Ensuite, cette vérité toute bête dont deux décennies d’expérience auraient dû nous rendre conscients mais dont semble avoir fait son deuil, à droite mais aussi à gauche, une bonne partie de la classe politique : le problème, avec le FN, ce ne sont pas seulement les gens, ce sont les idées ; ce ne sont pas seulement les réponses, ce sont les questions ; ce ne sont même pas seulement les questions, ce sont les peurs, ou les fantasmes, que ces questions traduisent et libèrent ; et à trop méconnaître cette évidence, à trop aller à la pêche aux bonnes questions que le vilain FN dénaturerait par ses mauvaises réponses, à trop vouloir entendre le message que véhiculeraient les voix anxieuses des partisans de Jean-Marie Le Pen, on prend le risque de banaliser, légitimer et, donc, surexciter toute une série de réflexes que la fonction même de la médiation démocratique devrait être d’inhiber. C’est ce qu’a fait Éric Besson en lançant son débat sur une « identité nationale » dont l’énoncé même convoquait les spectres de l’extrémisme. Mais c’est ce qu’a aussi fait Georges Frêche en déplorant, au nom du parler-vrai, le nombre de joueurs de couleur au sein de l’équipe de France de football. Et c’est ce qu’ont encore fait tels responsables socialistes prenant, entre les deux tours, le chemin de Montpellier pour tenter de s’y faire adouber par la dernière en date des figures de ce que d’autres, à la direction de leur parti, n’ont pas craint de nommer une nouvelle tentation « doriotiste ». Chaque fois, c’est la politique qui perd son honneur.
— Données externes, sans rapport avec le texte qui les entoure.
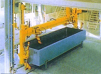 空中翻轉(zhuǎn)工藝屬于加氣磚生產(chǎn)線、加氣磚生產(chǎn)線中較重要的工序,空中翻轉(zhuǎn)工藝設(shè)備將坯體(帶模具、側(cè)板)在空中翻轉(zhuǎn)90度,吊具放在切割臺(tái)或切割小車上,脫去�?颍黧w即能切割。

Chaque fois, ce sont les repères qui se brouillent encore un peu plus. Et chaque fois, c’est comme un permis de voter que l’on délivre à ceux qui, dans l’électorat populaire des deux bords, sont tentés par la transgression FN.

Et puis, la troisième raison, enfin, de ce score inquiétant (17 %, en moyenne, dans les 12 régions où le Front s’était maintenu) tient au souffle nouveau dont le parti d’extrême droite a su, par ailleurs, se doter et qui a, en une décennie, réussi à le transformer. L’auteur de cette métamorphose s’appelle Marine Le Pen. C’est elle qui, en lissant le trait, en modérant le discours ancien, en racontant depuis des années, à qui veut bien l’écouter, son enfance de pauvre petite « fille de » encombrée d’un patronyme maudit, c’est elle qui, en confiant à celui-ci ses débuts de jeune avocate défendant des sans-papiers car les-pauvres-bougres-ne-sont- pas-responsables-des-crimes-du-Système, à celui-là sa passion pour une République, voire pour une laïcité, sacrifiées par un établissement politique gagné aux thèses communautaristes, au troisième qu’elle ne croit plus que les chambres à gaz soient un « détail » de l’histoire de la Seconde Guerre mondiale, c’est elle, donc, qui a inventé cette extrême droite à visage plus humain qui désavoue les outrances d’un vieux chef que, doucement mais fermement, l’on pousse vers la sortie. Ah ! le terrible sourire de la fille à qui Michel Field demandait, en fin de soirée, si elle ne craignait pas que le succès ne donne des ailes à son vieux père ! Cet air de férocité parricide que l’on n’ose dire « shakespearienne » pour ne pas souiller un si grand nom mais qui disait bel et bien, pourtant, que le temps des dinosaures était passé et qu’il fallait compter sur la jeune garde pour faire du FN un parti dorénavant respectable. Dans la famille Le Pen, Marine plus dangereuse que Jean-Marie. Dans l’histoire du FN, la mue décisive qui transforme l’organisation factieuse d’autrefois en un possible parti de gouvernement. Nous en sommes là. Et cette leçon, j’en ai bien peur, est une leçon de portée nationale.